Para serdik juga dibekali orientasi lapangan mendalam melalui Praktek Kerja Dalam Negeri (PKDN). PKDN yang mengusung tema pembangunan keutamaan pendidikan berbasis moral dan literasi itu dirancang untuk memperkuat kolaborasi lintas sektoral dalam mengawal pembangunan nasional.

Berguru 'Smart Policing' Tingkat Dunia ke Shanghai

Sespimti Polri Dikreg ke-35 juga memboyong para perwira terbaiknya ke luar negeri dalam program Praktik Kerja Luar Negeri (PKLN). Pada 20 Mei 2026, delegasi melakukan kunjungan strategis ke KJRI Shanghai, China.

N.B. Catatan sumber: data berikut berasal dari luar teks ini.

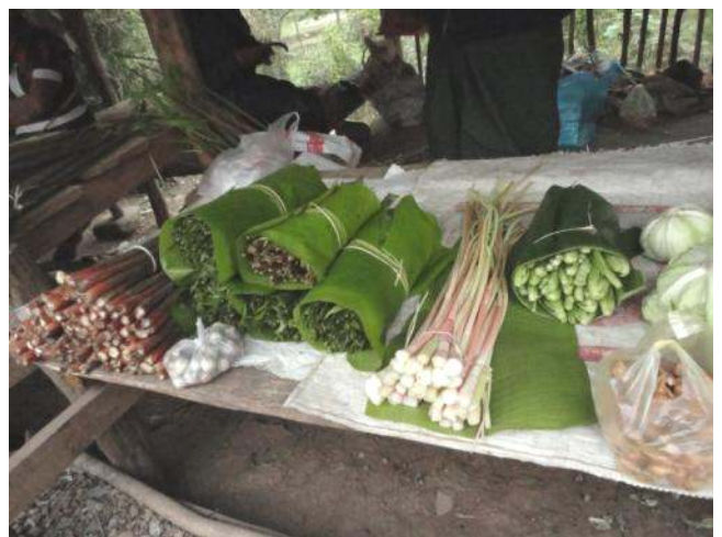
ຮູບທີ 1: ເຄື່ອງປ່າຂອງດົງທີ່ວາງຂາຍຢູ່ຕະຫຼາດທ້ອງຖິ່ນ

ຈຸດປະສົງຂອງໂຄງການ ແມ່ນເພື່ອສະໜັບສະໜູນຄວາມຄືບໜ້າໃນການກ້າວໄປສູ່ການຫຼຸດຜ່ອນຄວາມທຸກຍາກ ໂດຍຜ່ານການເຊື່ອມໂຍງເອົາບັນຫາສິ່ງແວດລ້ອມເຂົ້າໃນການວາງ ແລະ ຈັດຕັ້ງປະຕິບັດແຜນພັດທະນາເສດຖະກິດ-ສັງຄົມແຫ່ງຊາດ. ໂດຍສະເພາະ, ກໍລະນີສຶກສານີ້ຈະໃຫ້ຂໍ້ມູນຂ່າວສານທີ່ດີຂຶ້ນ ກ່ຽວກັບ ການເຊື່ອມໂຍງການບໍລິການລະບົບນິເວດຂອງການນຳໃຊ້ທີ່ດິນທີ່ແຕກຕ່າງກັນ ແລະ ການປະກອບສ່ວນຂອງພວກມັນຕໍ່ກັບຊີວິດການເປັນຢູ່ ແລະ ການດຳລົງຊີວິດທີ່ດີຂອງຜູ້ທີ່ທຸກຍາກຢູ່ໃນເຂດຊົນນະບົດ.

Rombongan saat itu membedah implementasi konsep smart city dan smart policing di Shanghai yang menjadi salah satu model pengelolaan keamanan publik berbasis teknologi paling maju di dunia. Mereka mengunjungi Shanghai Police College hingga Yangpu Branch Public Security Bureau untuk mempelajari pemanfaatan kecerdasan buatan (AI), big data, dan cloud computing dalam sistem komando terpadu.

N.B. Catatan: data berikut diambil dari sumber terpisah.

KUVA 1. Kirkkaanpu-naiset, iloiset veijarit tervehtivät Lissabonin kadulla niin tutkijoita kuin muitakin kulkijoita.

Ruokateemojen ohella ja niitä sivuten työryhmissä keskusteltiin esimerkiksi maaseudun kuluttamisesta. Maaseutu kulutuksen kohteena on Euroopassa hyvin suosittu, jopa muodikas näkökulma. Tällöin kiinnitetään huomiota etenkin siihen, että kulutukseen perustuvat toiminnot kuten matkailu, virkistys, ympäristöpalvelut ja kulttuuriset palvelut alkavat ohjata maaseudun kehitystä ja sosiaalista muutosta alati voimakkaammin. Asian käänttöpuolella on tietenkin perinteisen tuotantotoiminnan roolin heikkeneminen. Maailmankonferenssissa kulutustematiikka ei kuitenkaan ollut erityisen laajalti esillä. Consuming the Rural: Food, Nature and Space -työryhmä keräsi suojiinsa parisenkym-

Studi komparatif ini membuktikan keberhasilan keamanan publik berbasis teknologi wajib ditopang oleh budaya kerja digital dan integrasi data yang kuat. Pengalaman di China itu diharapkan menjadi referensi emas bagi Polri untuk memperkuat command center dan analitik kejahatan di tanah air, sekaligus membuka peluang kerja sama teknologi bilateral masif.

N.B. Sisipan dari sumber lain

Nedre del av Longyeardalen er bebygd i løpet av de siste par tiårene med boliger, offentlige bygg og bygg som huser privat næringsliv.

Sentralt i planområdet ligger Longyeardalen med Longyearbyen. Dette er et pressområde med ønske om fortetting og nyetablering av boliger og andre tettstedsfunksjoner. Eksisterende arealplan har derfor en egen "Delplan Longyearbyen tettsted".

Uji Nyali Gagasan Kebijakan di 'Leader Expo'

Sebagai gong akhir dan puncak dari seluruh rangkaian pembelajaran, Sespim Lemdiklat Polri menggelar ajang bergengsi bertajuk 'Leader Expo'. Agenda tersebut menjadi wadah unjuk gigi bagi para serdik untuk memamerkan rekam jejak kualitas, transformasi, serta pemikiran inovatif mereka selama menempuh pendidikan.

Leader Expo itu menampilkan hasil karya berupa ide, gagasan, dan model kebijakan transformasional yang diformulasikan para peserta didik dipajang dan siap didebat secara terbuka oleh para penguji serta pembimbing. Pameran ini sekaligus menjadi bukti kesiapan para serdik untuk diterjunkan ke masyarakat sebagai pemimpin masa depan yang responsif, akuntabel, dan transformasional.

Kasespim Lemdiklat Polri Irjen Midi Siswoko menjelaskan kegiatan Leader Expo merupakan salah satu bentuk publikasi dan ekspos seluruh naskah akademik yang ditulis Serdik selama pendidikan di Sespim. Dia berharap seluruh materi dan kegiatan yang dilakukan dapat mendukung pelaksanaan tugas kepolisian di era digital.

"Saya mengapresiasi kegiatan ini, semoga dapat menginspirasi para pihak agar ke depan Sespim Polri semakin maju dan profesional dalam mendukung pelaksanaan tugas Kepolisian di era digital" jelas Midi.